Più di mille tifosi giallorossi salutano la vittoria catanzarese al “Druso”. I Giallorossi del sud hanno dominato il primo tempo per poi resistere agli assalti dei locali spegnendo ogni possibilità di ristabilire equilibrio


di Riccardo Colao (Direttore del Quotidiano l’Italiano)

BOLZANO E’ qui la festa. Al “Druso” di Bolzano dove le Aquile continuano a volare tra cieli azzurri e nuvole giallorosse. L’inedito match tra Sudtirol e Catanzaro già alla fine del primo tempo si era delineato come un piccolo gioiellino di tecnica ed abilità calcistica da manuale; quello scritto dal comandante Vivarini.

Possesso palla, passaggi veloci e rapide incursioni di Brignola, Katseris, Vandeputte e Verna avevano lasciato intendere che sarebbero stati grossi problemi per la squadra del basso Tirolo.

E nemmeno la trappola delle provocazioni e dei “falletti” sterili, delle strattonatine di maglia, degli sgambetti e e di qualche gomito negli occhi è scattata al punto da far saltare i nervi ai giallorossi.

Il Catanzaro ha punito i locali proprio dopo aver collezionato due ammonizioni che avrebbero potuto far saltare l’equilibrio mentale a chiunque. Brighenti e Scognamillo due difensori finiti nel taccuino dei cattivi e probabilmente con un eccesso di zelo arbitrale. Ma “tirem innanz” come avrebbe detto il patriota “lumbard” Amatore Sciesa.

Perché i “bolzanini”, da noi osservati in altre partite, hanno spesso fatto ricorso a questi trucchetti che, nel mondo del football, pagano a patto di trovare chi abbocca all’esca avvelenata spalmata sugli ami.

Così non è stato e i padroni di casa hanno finito per conoscere il sapore della sconfitta. E’ stato il colpo d’occhio ed il genio dell “amaro” Verna a sfuggire al controllo dei mastini in maglia bianca, per poi servire su un piatto d’argento il pallone a Iemmello. Lo “zar Pietro” ha trovato lo spazio giusto, ha cavalcato qualche metro per poi sganciare un tiro dagli effetti micidiali: il pallone si è fermato solo perché dietro i pali c’era la rete.

La botta è stata quasi letale per il Sud Tirol che ha barcollato senza poter riprendere fiato. Se la partita avesse avuto più tempo davanti, il Catanzaro (che già nel p.t. avrebbe potuto segnare altri due gol sventati dal “pur bravo” Poluzzi) avrebbe potuto piazzare il colpo di grazia. Invece è scattata la chiusura del primi 45′ – dopo due minuti d recupero – e ogni carta è stata rinviata per essere giocata nella ripresa.

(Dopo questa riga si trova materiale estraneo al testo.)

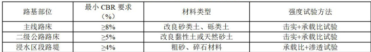 由于频繁的交通荷载作用,路基填料的 CBR 值不能小于 8% ;二级公路路段的路基强度可以降低到 5% 以下,但是仍然要满足压实度、变形模量的要求。针对水浸地区和临近水系的路基,采用透水性好、 CBR 不小于4%的粗粒料作为路基填料,避免因地下水引起的承载能力降低或材料劣化。材料的 CBR 值是用室内击实法测定的,所有进场材料都要出具检验报告。对掺加石灰、粉煤灰的粘质材料,需对其进行龄期试验,以保证其7 天龄期CBR 值在规定的下限以上。在施工过程中,对各层回填后的 CBR 值进行抽检,并对不符合要求的部位及时进行修补。采用 CBR分级管理、强度分区划分等措施,保证不同荷载、环境条件下路基体系整体稳定及服役寿命。

Del resto Fulignati, praticamente inoperoso, non ha concesso a mister Bisoli, che ha sovente urlato dalla sua postazione, alcuna recriminazione da anteporre durante e dopo la gara regolamentare.

Nella ripresa – com’era prevedibile – i “tirolesi del sud” hanno dovuto cercare di rimediare alla grigia prestazione dei primi 45′ e la pressione degli ospitanti è stata a dir poco martellante. Il Catanzaro si è difeso con grande ordine e precisione. Il meccanismo delle ragnatele imbastito dai micropassaggi ha finito per ingabbiare le velleità dei padroni di casa. Anzi è stato il Catanzaro ad avere qualche buona ocripresa.oer raddoppiare purtroppo non sfruttate vuoi da Vandeputte, vuoi da Verna, vuoi da D’Andrea, Iemmello e il subentrato Donnarumma.

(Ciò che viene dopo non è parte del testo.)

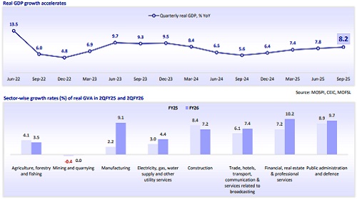* Despite the adverse impact of US tariffs on India’s manufacturing sector, domestic demand has so far managed to hold the strong growth trajectory. The GST cut-led pickup in consumption in 2Q and the rise in govt. spending in 3Q should provide the necessary boost to offset weak exports.

E per i mille è più tifosi giallorossi – assiepati nel settore visivamente alla destra della tribuna stampa dirimpettaia, è stato un concerto continuo sino al termine, quando l’ovazione al fischio finale dell’arbitro Manganiello, esperto e decisamente buon direttore di gare, ha surclassato la sciarpata di omaggio dei tifosi tirolesi che hanno però potuto assistere ad una partita vibrante, palpitante che ha regalato emozioni da ambo le parti ed il privilegio di non registrare incidenti.

Ha vinto con merito il Catanzaro e non era scontato su un terreno di giuoco dove l’imbattibilità era roba che resisteva da tempo. L’ultima volta era uscito vincitore il Bari. Oggi c’é riuscito Vivarini che proprio col Bari aveva perso il match più importante per merito del Sudtirol: quello che avrebbe dato a lui e alla società pugliese la promozione in serie B.

Quasi come in un gioco di fatalità il comandante si è preso la rivincita.

Il gol di Iemmello, che sta tornando alle sue consuete e ben note potenzialità, ha aperto la strada a questa strepitosa duplice vittoria nel settentrione a beneficio dei tifosi e dei catanzaresi che vivono in tal nobile parte d’Italia.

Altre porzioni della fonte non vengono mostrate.